Overall survival (OS) rate of patients with interstitial lung disease (ILD) associated with SCLC receiving chemotherapy based on the Glasgow prognostic score (GPS) group. Patient subgroups were as follows: GPS 0, n = 21; GPS 1, n = 4; and GPS 2, n = 6

TABLE 3

Univariate and multivariate analyses of factors associated with overall survival (OS) in patients with small cell lung cancer (SCLC) and interstitial lung disease (ILD) (n = 31)

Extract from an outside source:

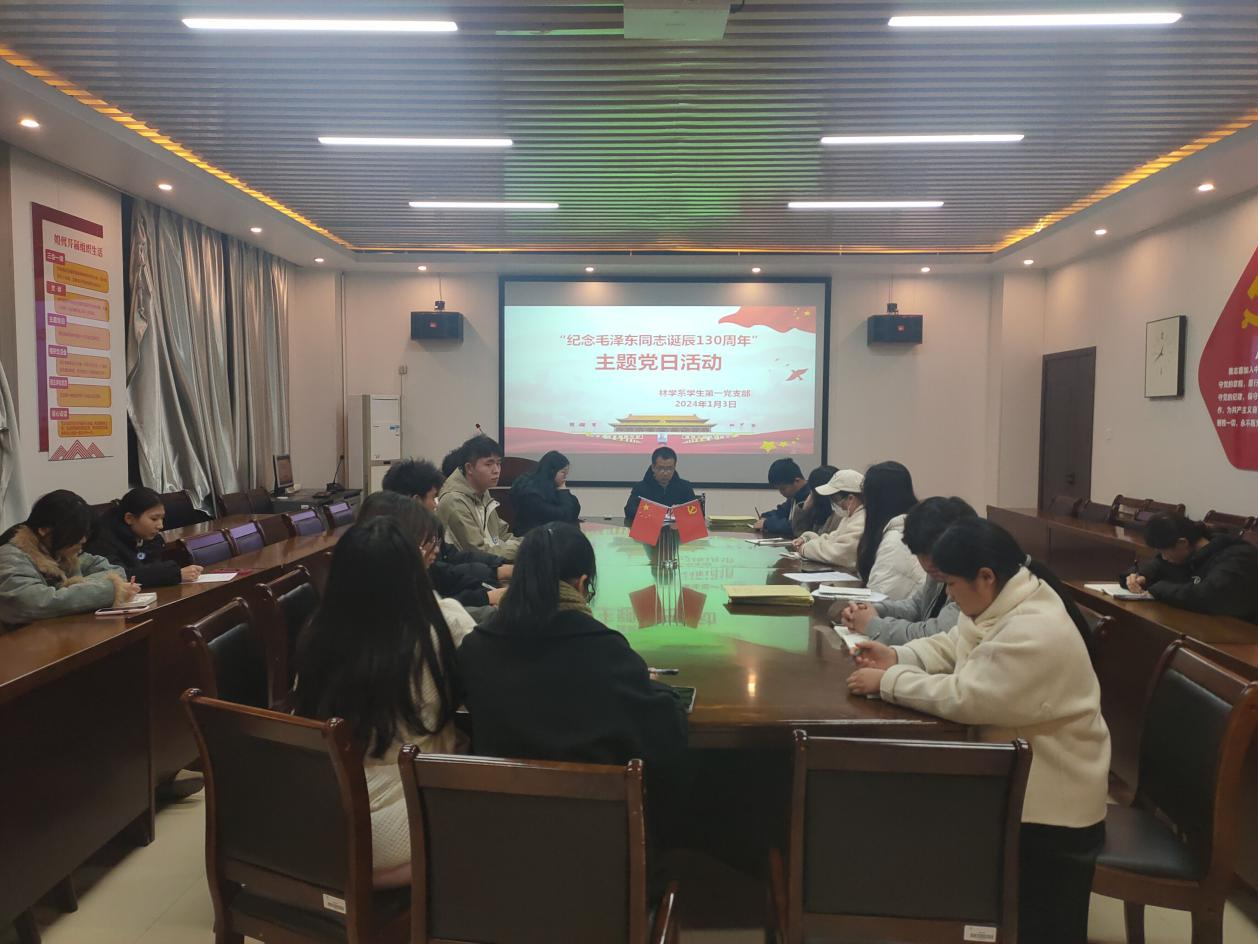 2024年1月3日,林学系学生第一党支部开展“纪念毛泽东诞辰130周年”主题党日活动,本次活动由支部书记叶知勇老师主持,支部全体同学参加。

Variable	Univariate analysis			Multivariate analysis
	HR	95% CI	p‐value	HR	95% CI	p‐value
Age, per year	1.01	0.93–1.09	0.80
Gender (male vs. female)	0.73	0.16–3.28	0.68
ECOG PS (0, 1 vs. 2–4)	2.65	0.56–12.45	0.21
Smoking history (former vs. current)	1.85	0.71–4.84	0.20
Pack‐years, per pack‐year	1.00	0.98–1.01	0.89
BMI, per kg/m2	1.00	0.80–1.25	0.95
Disease stage (Limited vs. Extensive)	2.28	0.77–6.72	0.13
Clinical stage (III vs. IV)	1.56	0.55–4.39	0.39
LDH, per U/l	1.00	1.00–1.00	0.004	1.00	1.00–1.00	0.11
KL‐6, per U/ml	1.00	0.99–1.00	0.99
HRCT pattern (non‐UIP vs. UIP pattern)	0.97	0.38–2.49	0.95
Emphysema (No/Yes)	1.68	0.44–6.37	0.44
GPS
0	1 (Ref)			1 (Ref)
1	3.98	0.99–16.00	0.051	3.76	0.93–15.15	0.062
2	17.29	3.58–83.35	<0.001	13.52	2.59–70.41	0.002

Abbreviations: BMI, body mass index; CI, confidence interval; ECOG PS, Eastern Cooperative Oncology Group Performance Status; GPS, Glasgow prognostic score; HR, hazard ratio; HRCT, high‐resolution computed tomography; KL‐6, Krebs von den Lungen‐6; LDH, lactate dehydrogenase; Ref, reference; UIP, usual interstitial pneumonia.

DISCUSSION

We believe that this is the first study to investigate whether there is a relationship between GPS and patients with SCLC and ILD receiving chemotherapy. The results show that GPS 2 is a significant predictive factor for the incidence of chemotherapy‐triggered AE‐ILD; furthermore, we reported that GPS was associated with OS in patients with SCLC and ILD.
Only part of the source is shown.